- Task details:
Could the listing be repeated exactly, with every picture dropped?

- Dataset section:
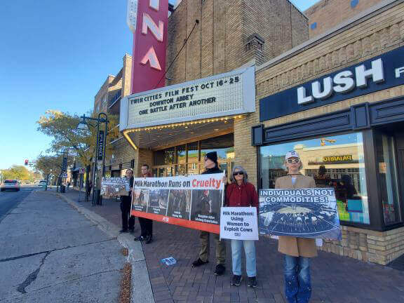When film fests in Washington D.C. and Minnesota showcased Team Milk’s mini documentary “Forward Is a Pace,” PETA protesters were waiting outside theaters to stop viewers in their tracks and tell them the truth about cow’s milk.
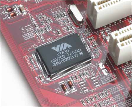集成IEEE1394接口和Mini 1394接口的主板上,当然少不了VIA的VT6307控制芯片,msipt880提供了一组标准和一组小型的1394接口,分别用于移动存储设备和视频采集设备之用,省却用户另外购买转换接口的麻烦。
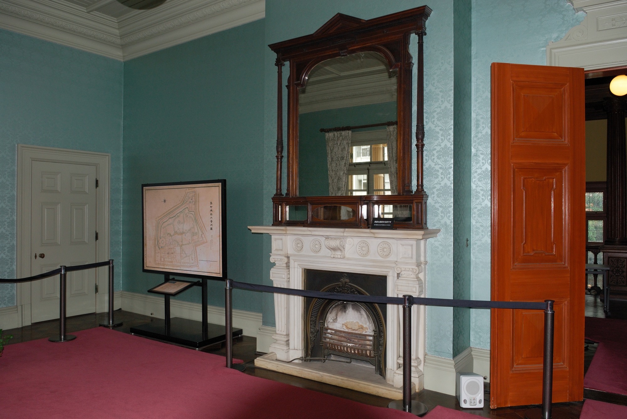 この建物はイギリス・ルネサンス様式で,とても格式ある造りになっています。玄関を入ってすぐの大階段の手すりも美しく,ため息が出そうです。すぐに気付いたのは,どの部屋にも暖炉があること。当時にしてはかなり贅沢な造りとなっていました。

- Response area:
When film fests in Washington D.C. and Minnesota showcased Team Milk’s mini documentary “Forward Is a Pace,” PETA protesters were waiting outside theaters to stop viewers in their tracks and tell them the truth about cow’s milk.
集成IEEE1394接口和Mini 1394接口的主板上,当然少不了VIA的VT6307控制芯片,msipt880提供了一组标准和一组小型的1394接口,分别用于移动存储设备和视频采集设备之用,省却用户另外购买转换接口的麻烦。
 この建物はイギリス・ルネサンス様式で,とても格式ある造りになっています。玄関を入ってすぐの大階段の手すりも美しく,ため息が出そうです。すぐに気付いたのは,どの部屋にも暖炉があること。当時にしてはかなり贅沢な造りとなっていました。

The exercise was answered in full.